September – 14th Harbour – Pay-Day
September – 15th Air Raid - Aircraft in vicinity.

September – 16th
                        Harbour Route March to Fort Edgar and through town.

September – 17th (Three Air Alarms) 2200 0430 & 0045
September – 18th
September – 19th
September – 20th Harbour General Quarters
September – 21st
September – 22nd
September – 23rd Route March to “Fort Edgar”
September – 24th
September – 25th
September – 26th Harbour Routine
September – 27th
                        Air Raid alarms 0930Battleships Nelson & Rodney proceed to sea for exercises with AA Cruisers & Destroyers return late at night.

September – 28th
                        Hood proceed to sea at 24knots with AA Cruiser and four destroyers for the Norwegian Coast endeavoring to intercept a German 8 inch Cruiser and merchantman bound for ‘Stavangor’ Air and Sea Base on the West Coast. Repulse Cruiser & Destroyers also out after them from Scarpa – Speed 27 knots

September – 29th
                        At Sea
                        Two air alarms, a long distance Sunderland Flying Boat accompany us.
                        Enemy aircraft in vicinity come across a Dornier 17 in the sea, later Sunderland bombs enemy sub. Both units fail to make contact with enemy proceed back to Scarpa at 24knots arrive in 2000. Very Cold.

September – 30th
                        Moor to Buoy
October 1st
                        Furious and Destroyers go out for exercises but are back at 1900

October 2nd
                        Harbour Miserable Weather.

October 3rd
                        Ship is at 1 Hour notice for sea.

October 4th
                        Hood proceed outside the Flaw three destroyers 1 AA Cruiser for AA firing Exercises, Long range Pom Poms & 05 M.G. 250 Rounds fired in H.A. Starshell.
Low Angle & Barrage Firings to Swordfish, Torpedo Bombing Aircraft carry out dummy Torpedo attack on Hood their ‘fish’ being smoke bursts, our accompany Escort also carry out practise ‘shoots’ exercises completed return in Flow and moor to buoy at 1900 Ship is AA guard.

October 5th
                        Pay Day. Harbour Routine.

October 6th
                        Harbour. Rain Cold & Very Dull.

October 7th
                        Harbour.

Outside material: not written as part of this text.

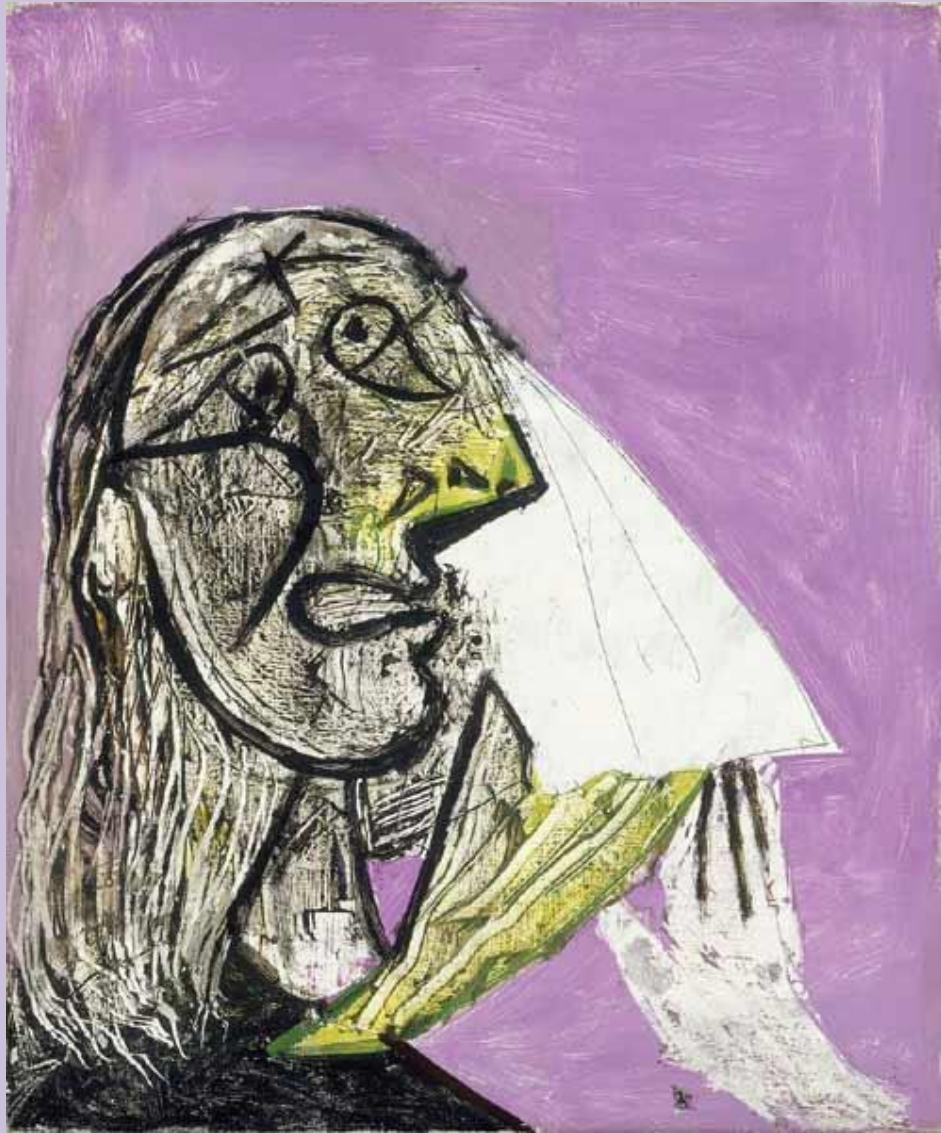
1936, Musée Picasso, Paris

Air Raid Alarms. 1 Hrs notice for sea.
October 8th
October 9th
October 10th Harbour Routine
October 11th

October 12th
                        Harbour Routine Very Dull & Cold.

October 13th
                        Ship is AA Guard; Furious Cruiser Norfolk & Berwick & destroyers Punjabi & Metabar proceed to sea to operate aircraft over North Norwegian Coast

October 14th
                        0940 Air Raid Enemy planes fired on many of our fighters up.

October 15th
                        Hood puts to sea at 1500 with three destroyers Eskimo Cossack & Somali & Cruiser Adventure to cover the Furious & accompany ships whilst operating aircraft over Stavanger, Frondheim, Bergan & Oslo Air and Sea Bases.

October 16th
                        At Sea Sea Slight Dull & Cold No opposition from enemy encountered. Adventure leaves us.

October 17th
                        Sea Slight Continuous drizzle Hood passes through the Arctic Circle at 2330 C old and Foggy, 1300 course Due South 204’ x 180’ turns.

October 18th
                        At Sea.
                        A Deadly fog visibility approx 15 yds at 0810. Hood very nearly comes to ramming one of our screening destroyers Eskimo whilst changing her position for close screening missed her stern by 10feet at 1645 our course 152’ E S E
October 19th
                        At Sea. Arrived at Scarpa 1330, ship carried out a 4” Low Angle shoot at towing target during the fore-noon vis to poor for high angle.